Benjamin De Boe edited this page Jan 27, 2020 · 24 revisions

The Build Process

This page provides additional detail on what happens as part of the iKnow build process. For step-by-step build instructions, see the README.md file in the main repo.

The Language Models

The iKnow engine relies on Language Models (also known as Knowledge Bases or simply "KB") for its language-specific parsing of sentences. A KB's source is expressed as a set of CSV files, which are not containing outright code but capture linguistic tokens, rules and other metadata specific to a language, plus some comments and sample sentences. These files are maintained under /kb in a human-readable (and editable) source format, usually through simple text editors like Notepad++.

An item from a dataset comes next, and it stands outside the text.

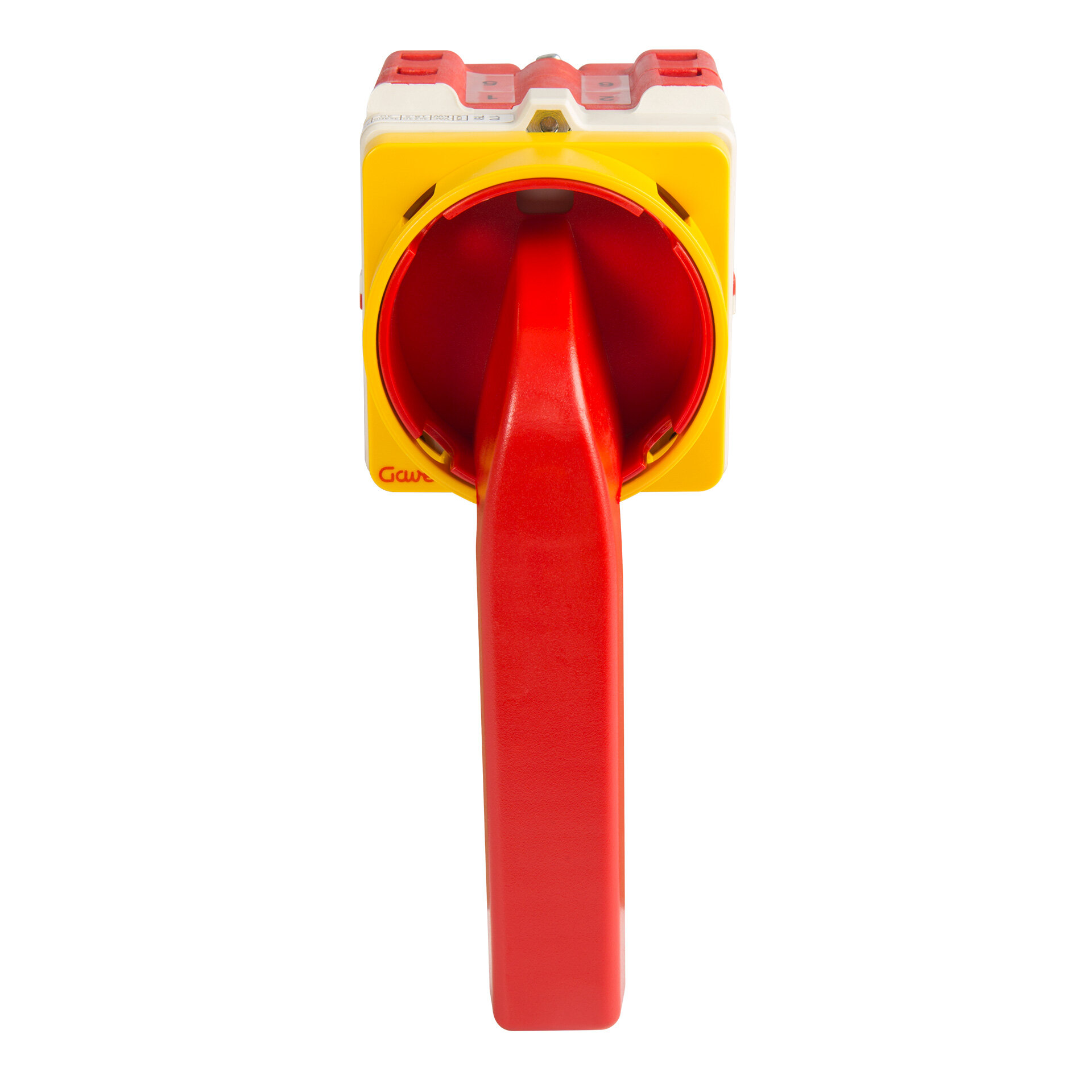Interruptor de levas con mando de seguiridad bloqueable por candados , IP20 con mando rojo/carátula amarilla 64x64 para fijación panel. 3 polos 125A.Tamaño D2. Mando ergonómico de montaje rápido sin tornillos. Conexionado con bornes de jaula para cable 16-50 mm². Compatible con múltiples accesorios de la serie A5.

When accumulated language model edits to the files in /kb represent a comprehensive update, it's time to compile them ahead of a full iKnow engine build. Compiling the language models means transforming them from CSV format into a collection of artefacts the iKnow engine can use at runtime:

  • Data in lexrep.csv is compiled into a C++ state machine that ends up in .inl files in /modules/aho/inl/<language>/lexrep/, enabling high-performance matching of input text to the linguistic tokens on which iKnow bases its parsing
  • Data in the other csv files gets loaded as shared memory dumps to enable efficient runtime loading

⚠️ This compilation process is currently implemented in ObjectScript and involves a manual step. Work in progress aims to translate this to a standalone process implemented in C++ or Python

The Delve toolkit provides mechanisms to load these CSV files into a dynamically-generated language model in order to hand-test them during development without having to wait for a full kit build. Note also that KBs (and specifically the vocabulary the use to express rules and labels) depends on features being made available in the engine.

The Code

Once the Language Models are compiled into .inl files in /modules/aho/inl/, a regular C++ build (through Visual Studio .sln or a Makefile) turns the full codebase into the required .dll or .so files. See here for an introduction on the important sections of our source code.